(RECORDED DATA)

▼

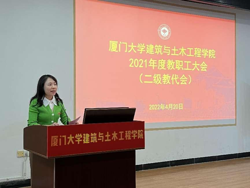4月20日,厦门大学建筑与土木工程学院2021年度教职工大会(二级教代会)在曾呈奎楼118室举行。大会由院党委副书记、工会主席王瑛慧主持。
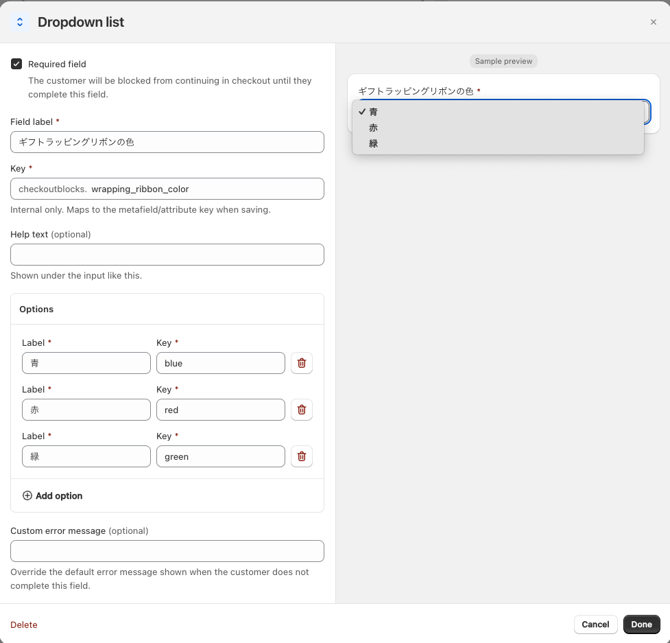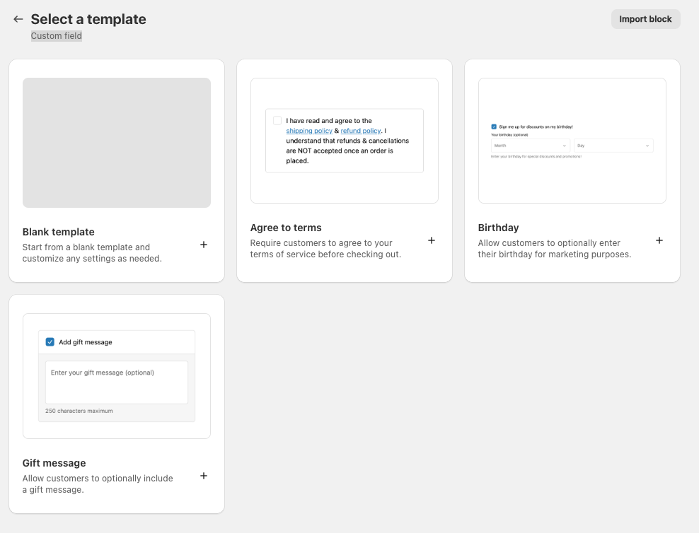 Custom fieldの作成画面では規約の同意など、ECサイトでよくあるチェックボックスといったテンプレートが用意されています。非常に便利ですね。
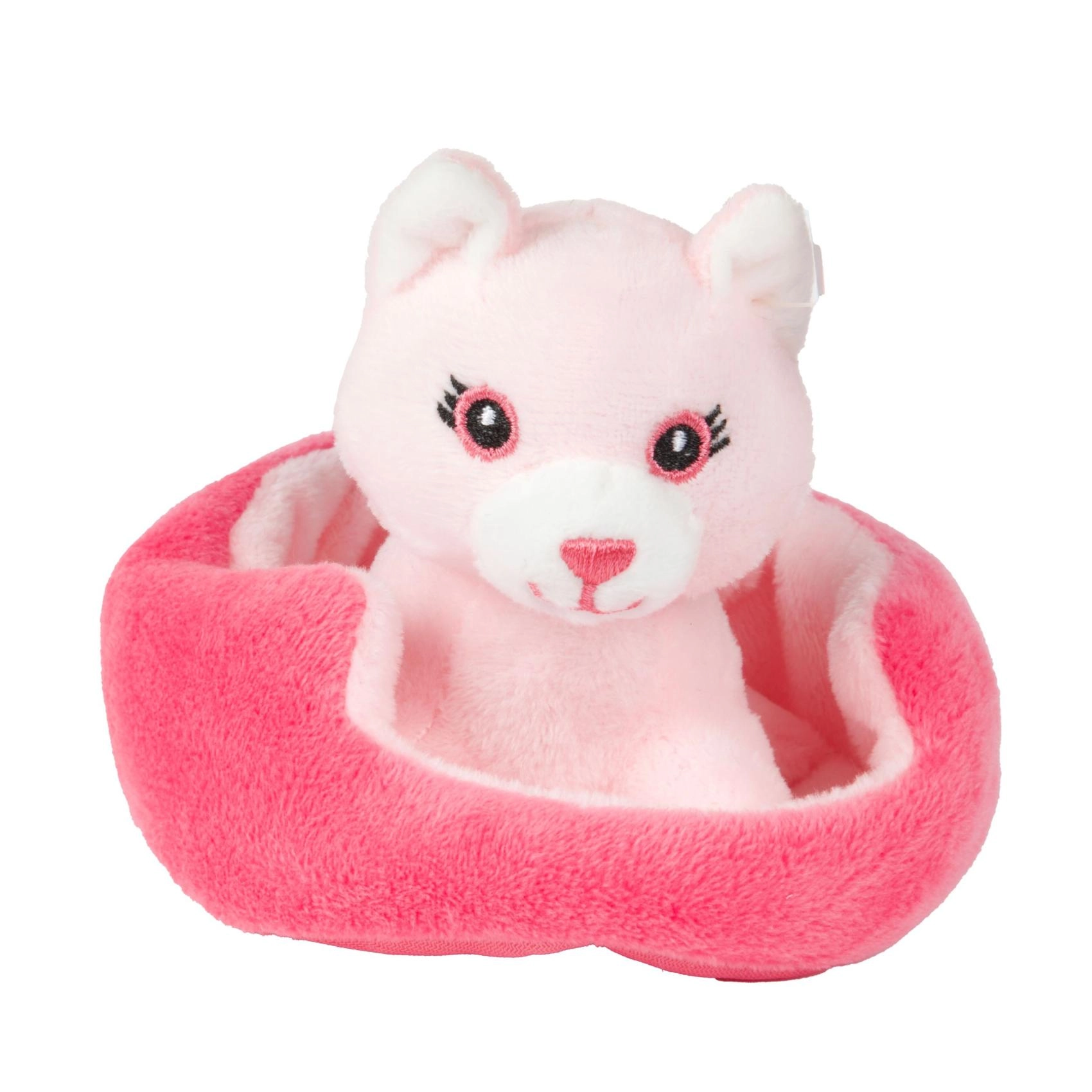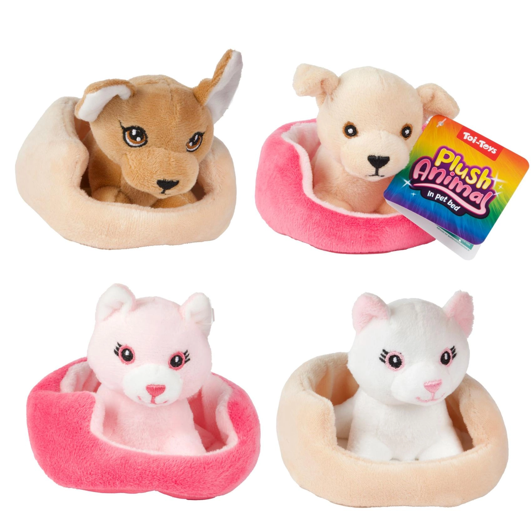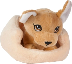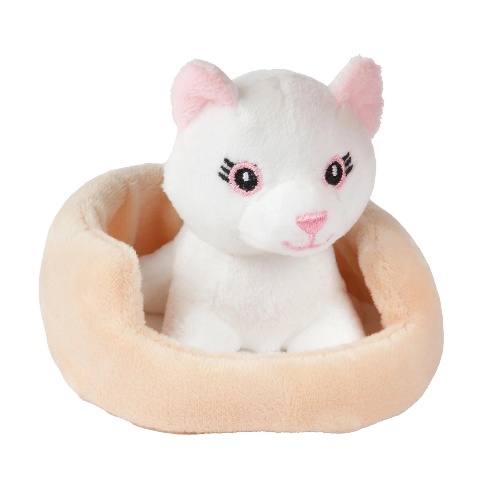Diese niedliche Plüschkatze oder dieses Hündchen im gemütlichen Bettchen ist der perfekte Begleiter für tägliches Spielen und Einschlafen. Dank des weichen Plüschs und der kompakten Größe liegt es auch den kleinsten Händchen gut und fördert Fantasie und Fürsorge-Rollenspiele.
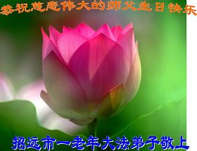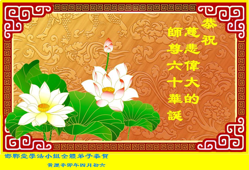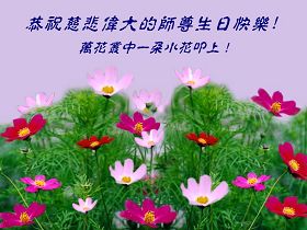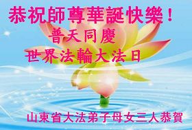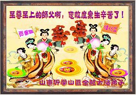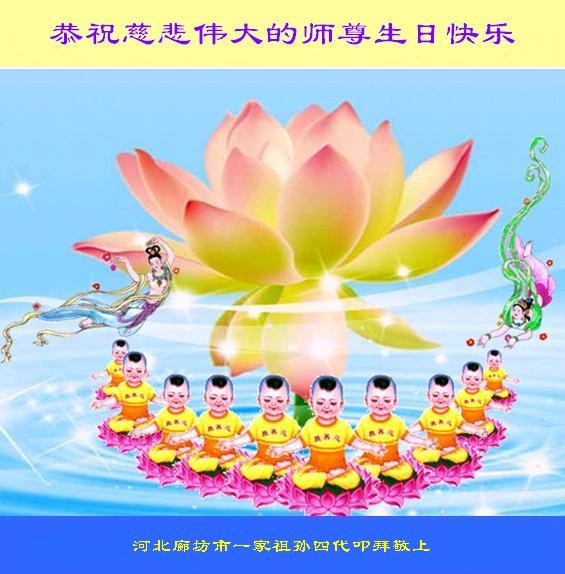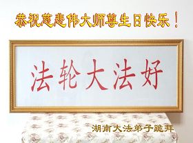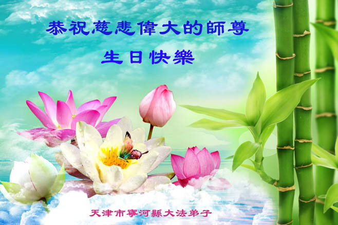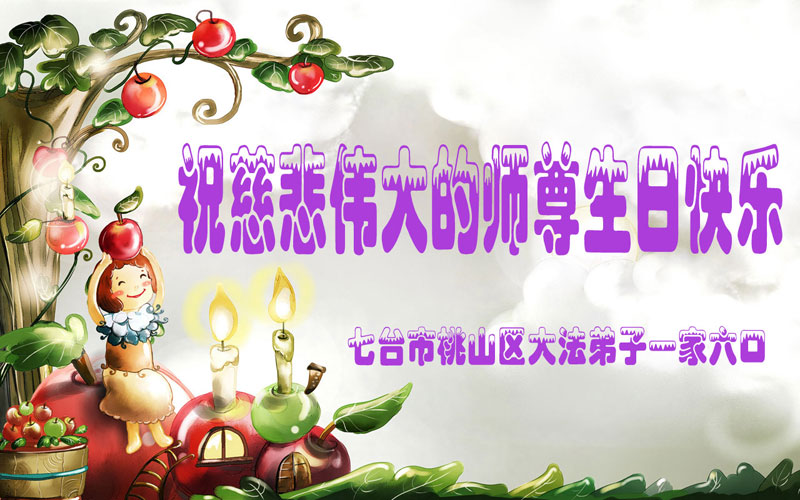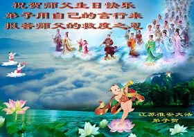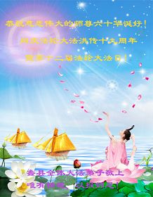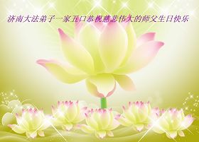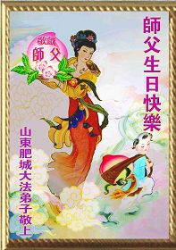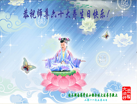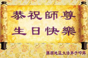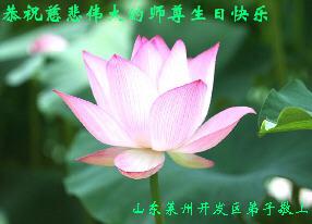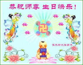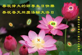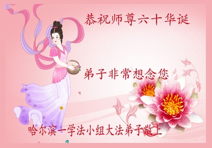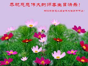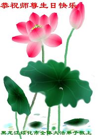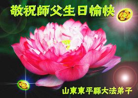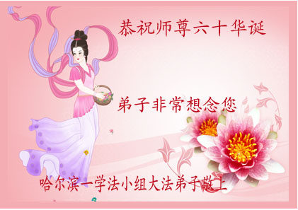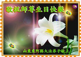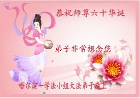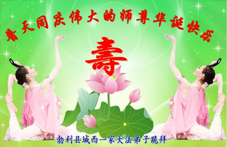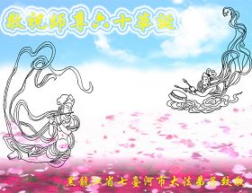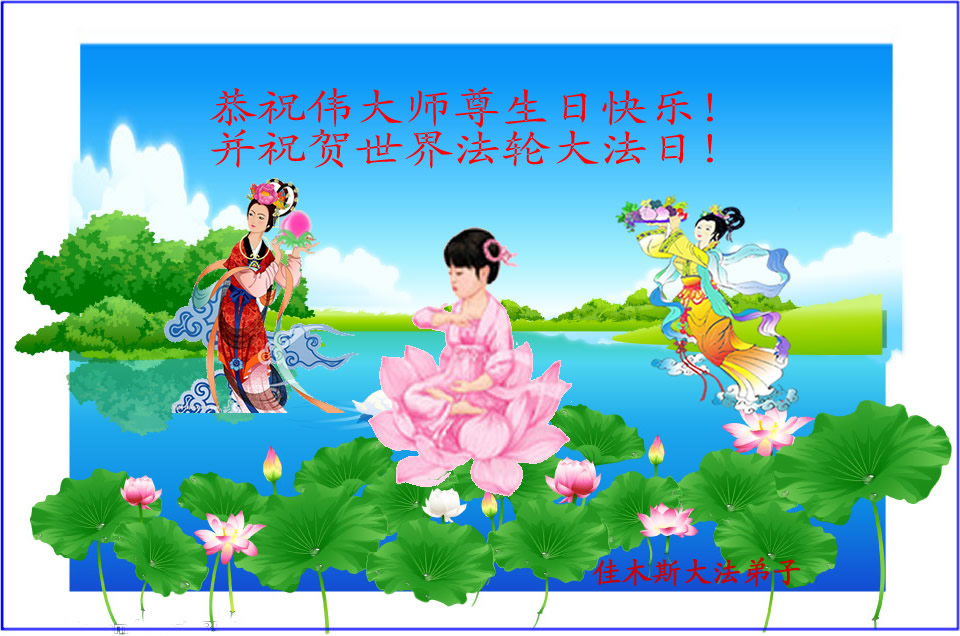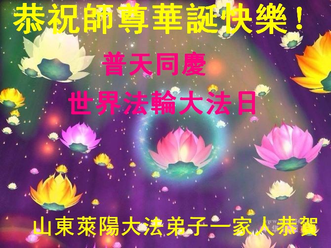 在师尊六十华诞即将到来之际,我和家人同修向慈悲伟大的师尊叩拜:祝师尊生日快乐!愿师尊多欣慰、少操劳。在这个特殊的历史时期,我们能成为您的弟子,与师尊同在,与正法同在,我们有多么的幸运,有多么的荣耀。我们无法用语言来表达对师尊慈悲救度的感恩!我们只有加倍努力,做好“三件事”,做好正法时期大法弟子应尽的责任与使命,勇猛精進,才不辜负师尊慈悲苦度。

▲

(WHAT YOU NEED TO DO) All of the data is to be returned exactly, with no pictures included.

(SOLUTION)
4月20日,厦门大学建筑与土木工程学院2021年度教职工大会(二级教代会)在曾呈奎楼118室举行。大会由院党委副书记、工会主席王瑛慧主持。
 Custom fieldの作成画面では規約の同意など、ECサイトでよくあるチェックボックスといったテンプレートが用意されています。非常に便利ですね。
Diese niedliche Plüschkatze oder dieses Hündchen im gemütlichen Bettchen ist der perfekte Begleiter für tägliches Spielen und Einschlafen. Dank des weichen Plüschs und der kompakten Größe liegt es auch den kleinsten Händchen gut und fördert Fantasie und Fürsorge-Rollenspiele.
 在师尊六十华诞即将到来之际,我和家人同修向慈悲伟大的师尊叩拜:祝师尊生日快乐!愿师尊多欣慰、少操劳。在这个特殊的历史时期,我们能成为您的弟子,与师尊同在,与正法同在,我们有多么的幸运,有多么的荣耀。我们无法用语言来表达对师尊慈悲救度的感恩!我们只有加倍努力,做好“三件事”,做好正法时期大法弟子应尽的责任与使命,勇猛精進,才不辜负师尊慈悲苦度。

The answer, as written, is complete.